There is thus a traceable historical connexion between the early adoptian controversy and the struggle in Spain at the end of the 8th century, to which that name is usually given. It was indeed only a renewal, under new conditions, of the conflict between two types of thought, the rational and the mystical, the school of Antioch and that of Alexandria. The writings of Theodore of Mopsuestia had become well known in the West, especially since the strife over the “three chapters” (544–553), and the opposition of Islam also partly determined the form of men’s views on the doctrine of Christ’s person. We must further remember the dyophysitism which had been sanctioned at the council of Chalcedon. About 780 Ehpandus (b. 718), archbishop of Toledo, revived and vehemently defended the expression Christus Filius Dei adoptivus, and was aided by his much more gifted friend Felix, bishop of Urgella. They held that the duality of natures implied a distinction between two modes of sonship in Christ—the natural or proper, and the adoptive. In support of their views they appealed to scripture and to the Western Fathers, who had used the term “adoption” as synonymous with “assumption” in the orthodox sense; and especially to Christ’s fraternal relation to Christians—the brother of God’s adopted sons. Christ, the firstborn among many brethren, had a natural birth at Bethlehem and also a spiritual birth begun at his baptism and consummated at his resurrection. Thus they did not teach a dual personality, nor the old Antiochene view that Christ’s divine exaltation was due to his sinless virtue; they were less concerned with old disputes than with the problem as the Chalcedon decision had left it—the relation of Christ’s one personality to his two natures.

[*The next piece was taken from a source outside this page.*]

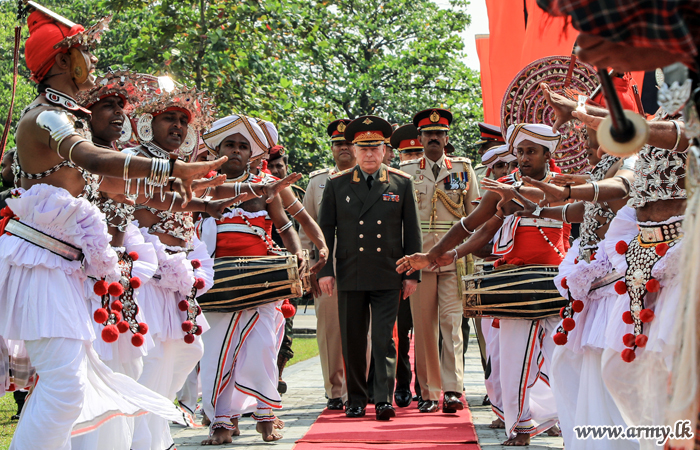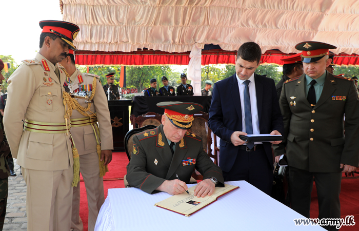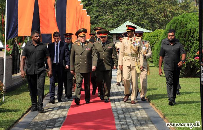 Amid honours presented by troops of the Sri Lanka Corps of Military Police, the Russian Army Chief slowly walked to the memorial afterwards and solemnly placed a floral wreath and saluted the memory of fallen Sri Lankan War Heroes who fought for the territorial integrity of the country.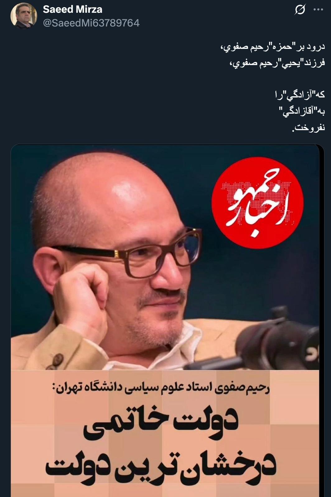 خانه/سیاست سردار دکتر سید یحیی صفوی مدتهاست کمتر اظهار نظر علنی کرده است، گرچه با قدرت و حمایت همچنان مشاور و دستیار فرمانده کل قوا هست.خواندن1 دقیقه -جمعه 1404/07/04 - 12:48کد خبر22814اشتراکگذاری سرکار خانم دکتر مهرشاد شبابی هم مدتهاست هیچ اظهارنظری از وی در فضای مجازی شنیده نمیشود سرکار خانم دکتر مهرشاد شبابی هم مدتهاست هیچ اظهارنظری از وی در فضای مجازی شنیده نمیشود و گویا با آن سوابق زیاد در عرصه های پیش و پس از انقلاب، چندان فعالیتی ندارد.ناگهان دکتر حمزه صفوی، برجسته شده و بی محابا، اظهارنظرهای جالب و قابل تامل میکند.دکتر حمزه اگر فرزند یحیی صفوی و مهرشاد شبابی نبود اینگونه آزادی عمل داشت؟زمان مشخص خواهد کرد درود بر"حمزه"رحيم صفوي،فرزند"يحيي"رحيم صفوي،كه"آزادگي"رابه"آقازادگي"نفروخت. pic.twitter.com/4BLzVY868L— Saeed Mirza (@SaeedMi63789764) September 25, 2025🔴 درود@rahim_safavi_ir 💢 سردار دکتر سید یحیی صفوی مدتهاست کمتر اظهار نظر علنی کرده است، گرچه با قدرت و حمایت همچنان مشاور و دستیار فرمانده کل قوا هست.📌سرکار خانم دکتر مهرشاد شبابی هم مدتهاست هیچ اظهارنظری از وی در فضای مجازی شنیده نمیشود و گویا با آن سوابق زیاد در عرصه های…— AbdiMedia - Abdollah Abdi (@abdolah_abdi) September 26, 2025 کمتر از یک دقیقه زمان بگذارید، ثبتنام کنید و نظرتان را زیر همین پست به اشتراک بگذارید.پیامهای توهینآمیز و یا حاوی دعوت به خشونت حذف خواهند شد.ثبت نامدر ادامه بخوانید پاسخ های توییتری 2 اسفندخواندن 1 دقیقه جناب آشنا درود شما هم در حال بررسی این نظریه هستید که ممکن است اساساً این لشکرکشی آمریکا نهایتاً هدفی غیر از جمهوری اسلامی باشد؟خواندن 1 دقیقه موضوع کاملا روشن است با اشاره به قوه قضاییه آزاد شدند و این اشاره چنان پیگیری سریعی داشت که برای متهمین حتی روز تعطیل قرار قبولی وثیقه صادر و آزاد شدند.خواندن 1 دقیقه آقای دکتر درود نتیجه اعلام نظر پزشکی قانونی که خانواده ایشان از دادسرا دنبال کردند چه شد؟خواندن 1 دقیقه پاسخ های توییتری 30 بهمنخواندن 4 دقیقهباید خواندخاطرات اکبر هاشمی - ۱ اسفند ۱۳۷۸ - ملاقات عبدالله جاسبی و نگرانی از نتایج انتخاباتفیلم/ سردار مرتضی طلایی کجاست؟خاطرات اکبر هاشمی - ۱۹ شهريور ۱۳۷۸ - مذاکرات دو نفره سیاسی با واعظ طبسی تا هنگام بدرقه به سوی تهران هم ادامه داشته که در نهایت هاشمی ظاهرا از اینجا تصمیم به شرکت جدی در انتخابات مجلس ششم گرفتسوابق ادوار اخیر مجلس شورای اسلامی نشان داد که مجلس در راس امور نیست و در اختیارات فرمانده کل قوا و نیروهای مسلح در هیچ سطحی نمیتواند دخالت و یا مصوبه طی کند، چه برسد که نظارت کندآینده ایران با نامزدهای اعلام شده انتخابات ریاست جمهوری چه میشود؟ / گفتگو با دکتر تقی آزاد ارمکیمیشه با شما احساس خستگی کرد؟یک دامپزشک بسیجی بجای جراح گوش و حلق و بینی سرپرست شبکه بهداشت ایذه شد!خاطرات اکبر هاشمی - ۱۴ شهريور ۱۳۷۸ - دیدار مدیران ارشد دستگاه قضایی با هاشمی رفسنجانی و گله آنان از بی توجهی هاشمی شاهرودی رییس جدید قوه قضاییه ادامه داردخاطرات اکبر هاشمی - ۱۶ شهريور ۱۳۷۸ - در ادامه تلاش های مرحوم واعظ طبسی که در دیدارهای مکرر برای تشویق هاشمی به شرکت در انتخابات اقدام میکرد این بار هم او با هاشمی ملاقات کردخاطرات اکبر هاشمی - ۱۸ شهريور ۱۳۷۸ - ادامه بازدید ها از متعلقات و ابنیه و آثار آستان قدس

Felix introduced adoptian views into that part of Spain which belonged to the Franks, and Charlemagne thought it necessary to assemble a synod at Regensburg (Ratisbon), in 792, before which the bishop was summoned to explain and justify the new doctrine. Instead of this he renounced it, and confirmed his renunciation by a solemn oath to Pope Adrian, to whom the synod sent him. The recantation was probably insincere, for on returning to his diocese he taught adoptianism as before. Another synod was held at Frankfort in 794, by which the new doctrine was again formally condemned, though neither Felix nor any of his followers appeared.

In this synod Alcuin of York took part. A friendly letter from Alcuin, and a controversial pamphlet, to which Felix replied, were followed by the sending of several commissions of clergy to Spain to endeavour to put down the heresy. Archbishop Leidrad (d. 816) of Lyons, being on one of these commissions, persuaded Felix to appear before a synod at Aix-la-Chapelle in 799. There, after six days’ disputing with Alcuin, he again recanted his heresy. The rest of his life was spent under the supervision of the archbishop at Lyons, where he died in 816. Elipandus, secure in his see at Toledo, never swerved from the adoptian views, which, however, were almost universally abandoned after the two leaders died.

In the scholastic discussions of the 12th century the question came to the front again, for the doctrine as framed by Alcuin was not universally accepted. Thus both Abelard and Peter Lombard, in the interest of the immutability of the divine substance (holding that God could not “become” anything), gravitated towards a Nestorian position. The great opponent of their Christology, which was known as Nihilianism, was the German scholar Gerhoch, who, for his bold assertion of the perfect interpenetration of deity and humanity in Christ, was accused of Eutychianism. The proposition Deus non factus est aliquid secundum quod est homo was condemned by a synod of Tours in 1163 and again by the Lateran synod of 1179, but Adoptianism continued all through the middle ages to be a source of theological dispute.

See A. Harnack, Hist. of Dogma, esp. vol. v. pp. 279-292; R. Ottley, The Doctrine of the Incarnation, vol. i. p. 228 ff, vol. ii. pp. 151-161; Herzog-Hauck, Realencyk., art. “Adoptianismus.”  (A. J. G.)